■ Exercise directions ■
Using the material below, print a verbatim copy of every line from the one containing "असं टाकून शोधले." through the one containing "Female figure presents", inclusive, and omit the pictures.

■ Available data ■
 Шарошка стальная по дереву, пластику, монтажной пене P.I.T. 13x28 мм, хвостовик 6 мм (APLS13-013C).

* * *

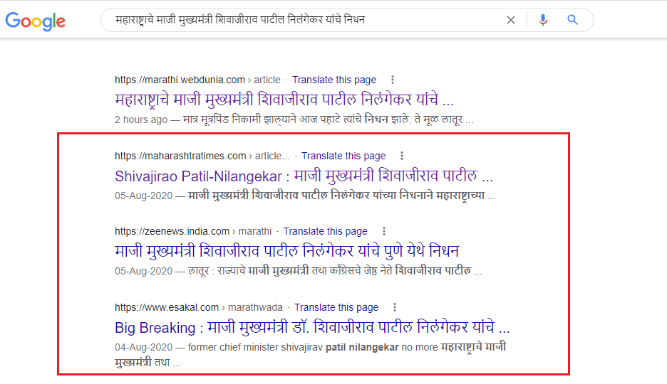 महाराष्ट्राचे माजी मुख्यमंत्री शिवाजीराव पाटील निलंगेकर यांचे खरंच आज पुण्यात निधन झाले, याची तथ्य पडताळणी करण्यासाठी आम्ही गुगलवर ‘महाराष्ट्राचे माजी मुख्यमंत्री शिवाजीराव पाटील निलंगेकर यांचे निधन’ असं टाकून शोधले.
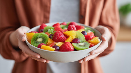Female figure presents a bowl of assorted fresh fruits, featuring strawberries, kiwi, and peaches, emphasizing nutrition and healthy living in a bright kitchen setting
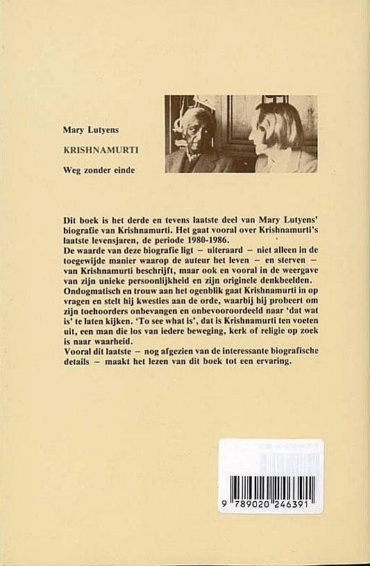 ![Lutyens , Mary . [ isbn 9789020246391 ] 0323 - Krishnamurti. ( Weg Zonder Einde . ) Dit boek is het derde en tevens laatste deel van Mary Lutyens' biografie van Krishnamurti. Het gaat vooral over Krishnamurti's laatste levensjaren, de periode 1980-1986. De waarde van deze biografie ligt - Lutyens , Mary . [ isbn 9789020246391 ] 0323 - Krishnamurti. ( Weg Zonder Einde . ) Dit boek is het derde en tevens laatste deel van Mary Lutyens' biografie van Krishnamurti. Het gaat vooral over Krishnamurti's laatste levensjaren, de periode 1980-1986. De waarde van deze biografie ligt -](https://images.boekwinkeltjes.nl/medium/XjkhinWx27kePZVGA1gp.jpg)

■ Solution for this exercise ■
 महाराष्ट्राचे माजी मुख्यमंत्री शिवाजीराव पाटील निलंगेकर यांचे खरंच आज पुण्यात निधन झाले, याची तथ्य पडताळणी करण्यासाठी आम्ही गुगलवर ‘महाराष्ट्राचे माजी मुख्यमंत्री शिवाजीराव पाटील निलंगेकर यांचे निधन’ असं टाकून शोधले.
Female figure presents a bowl of assorted fresh fruits, featuring strawberries, kiwi, and peaches, emphasizing nutrition and healthy living in a bright kitchen setting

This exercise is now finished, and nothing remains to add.